My first mead, any suggestions?

Homebrew Talk - Beer, Wine, Mead, & Cider Brewing Discussion Forum

Help Support Homebrew Talk - Beer, Wine, Mead, & Cider Brewing Discussion Forum:

This site may earn a commission from merchant affiliate links, including eBay, Amazon, and others.

docubus

Member
Joined
Jul 8, 2010
Messages
16
Reaction score
0
Location
Johnson City
Hello everyone.

This week, I will be making my first mead. I want to start out dead simple, so I worked off of a recipe/process I found online for a one gallon batch. Would you mind looking this over and giving me any suggestions?

Like I said, this is my first time. Any help would be appreciated.

2 and 2/3 lbs Orange Blossom honey, divided
1 gal water
1 tsp. yeast energizer
1 tsp. yeast nutrient
Lalvin D47 yeast

Pour half a gallon of water and 2 lbs of the honey into the (1 gal) carboy.

In a small mixing bowl, mix energizer and nutrient with 2 cups of water. Stir well and add to the honey-water mixture.

Place stopper on the mead and shake to make it homogeneous.

Heat two cups of water on the stove to between 104 and 109 degrees.

Pour water into mixing bowl and add half a packet of yeast. Wait 15 minutes before stirring.

After the fifteen minutes, stir gently until homogeneous and add to the honey-water mixture.

Top off with water, plug with rubber stopper, and shake vigorously for five minutes.

At intervals, take off the stopper for a moment to release pressure, then resume shaking.

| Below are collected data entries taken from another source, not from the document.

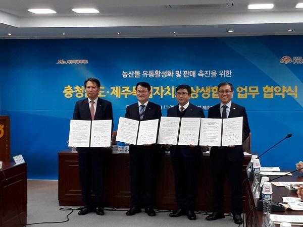 제주특별자치도와 충청남도, 농협 충남·제주지역본부는 12일 농협중앙회 제주본부에서 농산물 유통활성화 및 판매촉진을 위한 업무협약을 체결했다고 밝혔다.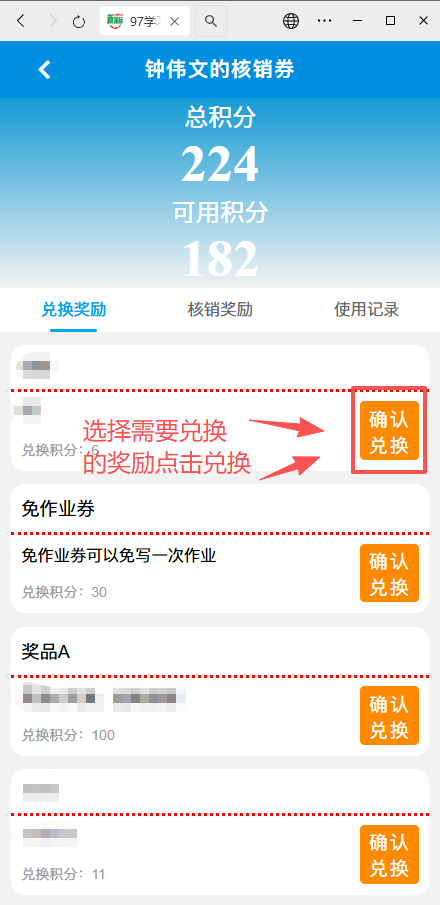 点击进入后选择兑换的学生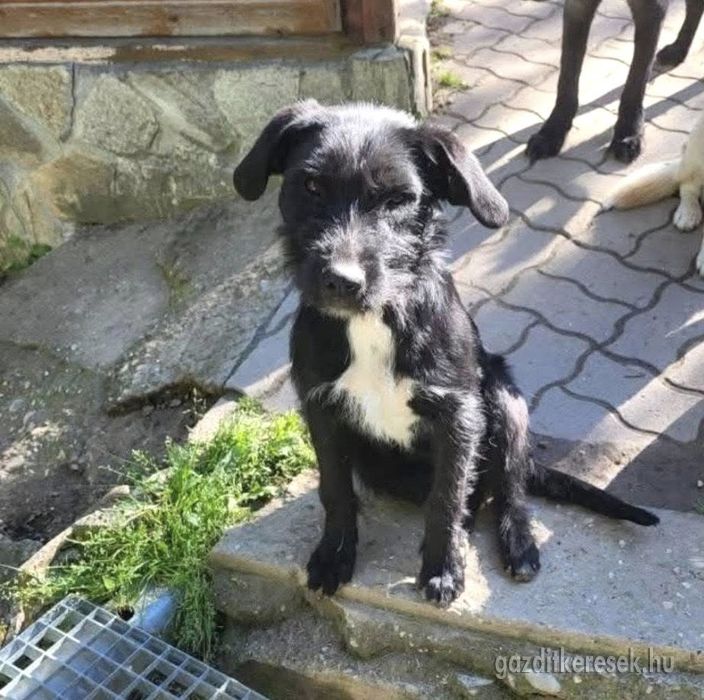 Gazdája meghalt, hat kutya maradt utána. Egy állatbarát befogadta őt, egészségét rendbe tette (hatalmas elhanyagolt sebe volt), ivartalaníttatta. Egy év körüli szuka kutyus, aki imádja ill. imádná a foglalkozást, de a család három gyereke és három befogadott kutyája mellett sok idő nem jut rá. Szökni kezdett, elfoglalni magát.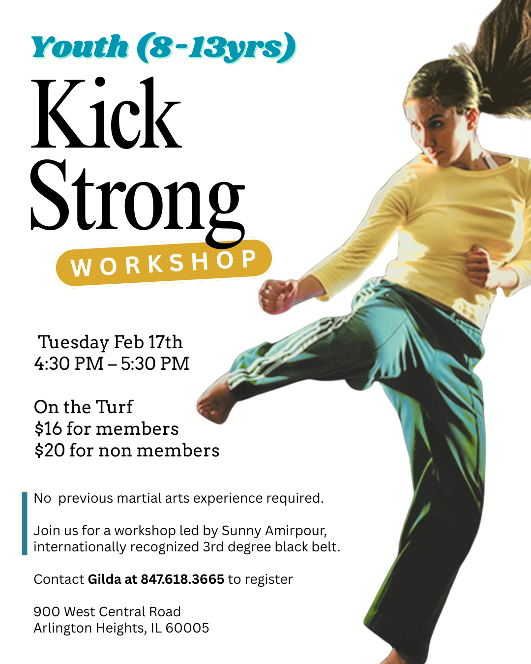No previous martial art experience required. Spots are limited, so don’t wait! Sign up at the service desk or reach out to Gilda with any questions 847.618.3665. We can’t wait to see you on the Turf! 💪🥋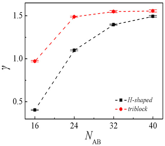In order to investigate the effects of polydispersity of the arms affect the efficiency of H-shaped polymers, we perform simulations at various arms length of the H-shaped block copolymers with NAB = 24 and cAB = 0.15 (Figure S2). Table 1 shows the interfacial tension of the blends with various arms length of the H-shaped block copolymers. It is found that the symmetric H-shaped copolymer was more effective in reducing the interfacial tension of A8/B8 blends than the asymmetric H-shaped copolymer. This result is supported by the extensive studies [43,44,45]. Compared with an H-shaped copolymer with each end having one arm that is longer than the second [S4 and S5 of the Figure S2], an H-shaped copolymer with arm length at one end being shorter than the other [S2 and S3 of the Figure S2] was less efficient in compatibilizing A8/B8 blends. And the more asymmetrical the H-shaped copolymer, the lower its capacity enhancement efficiency.

Attach airlock and let ferment for 2-3 weeks (until there is less than one bubble in the airlock every 5 seconds.

Rack to second carboy and let sit for another month.

After one month, siphon into bottling bucket onto ⅔ cup of additional honey (for priming), mixing gently, and bottle.

Let age for 6 months to a year.

Thank you for your help!
 
Don't rely in bubble activity ...use your hydrometer to know how the ferment is going.

Also if you are doing your primary in a gallon jug you will have to leave headroom for krausen or have a blow off tube. I usually leave headspace then top off with water and my back sweeting when I rack to my secondary.
 
I would let it go in primary until it's done, not going by airlock activity or X days/weeks... Could be two weeks, or two months. Once stable, rack at least once, to get it to clear (the biggest difference between beer and mead, IMO)...

Are you intending to have this as a sparkling mead? Personally, I think you'd be better off planning on having a still mead the first time around. I would also either let it go 6+ months before bottling, or stabilize it before bottling. Mead can take 6+ months, since it can take a long time for the fermentation to actually finish.

I would also advise using hydrometer readings... Until the first 1/3 of the sugars have been consumed, you'll want to aerate/oxygenate it. Once that's done, leave it the F alone and let it finish. You can also opt for a stepped nutrient schedule. A good number of mazers do this with solid results.

Personally, I have four batches of mead (my initial batches) either in bottles, or still in batch form. I bottled my blackberry melomel (stabilized and bottled) as well as one of my batches of traditional mead. The blackberry still needs more time. I have one three gallon batch of traditional in a basement, bulk aging. I have my one gallon PoR Mocha Madness mead in the fridge for just over a week now (needed to with the heat we got just over a week ago). I plan to stabilize and bottle that pretty soon, maybe...

I started all of these back in November 2010... The melomel used D47, and the others used EC-1118... All but the madness hit the listed tolerance of the yeast. This was my intention from the start...

BTW, where did you locate the recipe you're basing your batch off of?
 
Sounds a lot like the recipe i followed for my first mead apart from priming it at the end and I used 4.5 lb in a 4.8 litre jug.

Mine was too warm and completed fermentation in about 3 - 4 days and tasted like paint thinner for ages. So I would recoment finding somewhere you can put it thats a bit cooler than the 21c room I had mine in!

I had no krausen in my attempt at a traditional, though it's something to watch out for as I've had some mad foaming for other (fruitier) batches since.